**Material for the task:**
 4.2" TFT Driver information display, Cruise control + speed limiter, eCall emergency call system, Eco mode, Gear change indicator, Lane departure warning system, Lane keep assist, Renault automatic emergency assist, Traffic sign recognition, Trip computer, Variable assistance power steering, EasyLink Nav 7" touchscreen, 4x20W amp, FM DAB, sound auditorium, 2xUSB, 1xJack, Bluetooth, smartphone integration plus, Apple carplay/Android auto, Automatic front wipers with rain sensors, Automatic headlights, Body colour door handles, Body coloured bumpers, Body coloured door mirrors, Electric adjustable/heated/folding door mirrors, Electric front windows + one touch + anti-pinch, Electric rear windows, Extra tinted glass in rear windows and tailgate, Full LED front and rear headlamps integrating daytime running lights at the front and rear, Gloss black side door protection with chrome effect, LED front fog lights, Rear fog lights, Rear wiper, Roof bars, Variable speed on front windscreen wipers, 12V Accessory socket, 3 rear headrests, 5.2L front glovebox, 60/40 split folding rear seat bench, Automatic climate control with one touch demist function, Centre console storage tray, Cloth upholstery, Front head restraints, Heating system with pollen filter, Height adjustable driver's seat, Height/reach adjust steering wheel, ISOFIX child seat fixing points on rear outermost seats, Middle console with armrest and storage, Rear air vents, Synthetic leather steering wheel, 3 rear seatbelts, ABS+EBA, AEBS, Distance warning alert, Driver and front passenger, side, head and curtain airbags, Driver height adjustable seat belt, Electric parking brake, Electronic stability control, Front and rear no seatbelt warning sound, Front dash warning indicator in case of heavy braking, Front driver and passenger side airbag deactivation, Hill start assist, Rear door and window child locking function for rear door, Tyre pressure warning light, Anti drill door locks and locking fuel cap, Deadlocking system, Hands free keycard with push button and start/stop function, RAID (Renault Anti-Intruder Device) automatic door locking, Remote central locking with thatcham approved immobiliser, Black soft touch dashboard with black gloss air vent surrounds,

==

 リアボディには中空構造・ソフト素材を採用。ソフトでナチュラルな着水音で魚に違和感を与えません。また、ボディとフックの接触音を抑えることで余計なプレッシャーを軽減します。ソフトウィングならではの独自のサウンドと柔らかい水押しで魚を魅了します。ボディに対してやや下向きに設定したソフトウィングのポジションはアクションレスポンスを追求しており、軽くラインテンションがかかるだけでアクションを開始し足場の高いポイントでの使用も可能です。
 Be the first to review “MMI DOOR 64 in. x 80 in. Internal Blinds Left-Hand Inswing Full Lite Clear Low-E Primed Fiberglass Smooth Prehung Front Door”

**How to complete this task:** What you give back should be exactly the lines of the data above from the line with "リアボディには中空構造・ソフ" through the line with "Be the first", both of those included, and nothing more.

**Answer section:**
 リアボディには中空構造・ソフト素材を採用。ソフトでナチュラルな着水音で魚に違和感を与えません。また、ボディとフックの接触音を抑えることで余計なプレッシャーを軽減します。ソフトウィングならではの独自のサウンドと柔らかい水押しで魚を魅了します。ボディに対してやや下向きに設定したソフトウィングのポジションはアクションレスポンスを追求しており、軽くラインテンションがかかるだけでアクションを開始し足場の高いポイントでの使用も可能です。
 Be the first to review “MMI DOOR 64 in. x 80 in. Internal Blinds Left-Hand Inswing Full Lite Clear Low-E Primed Fiberglass Smooth Prehung Front Door”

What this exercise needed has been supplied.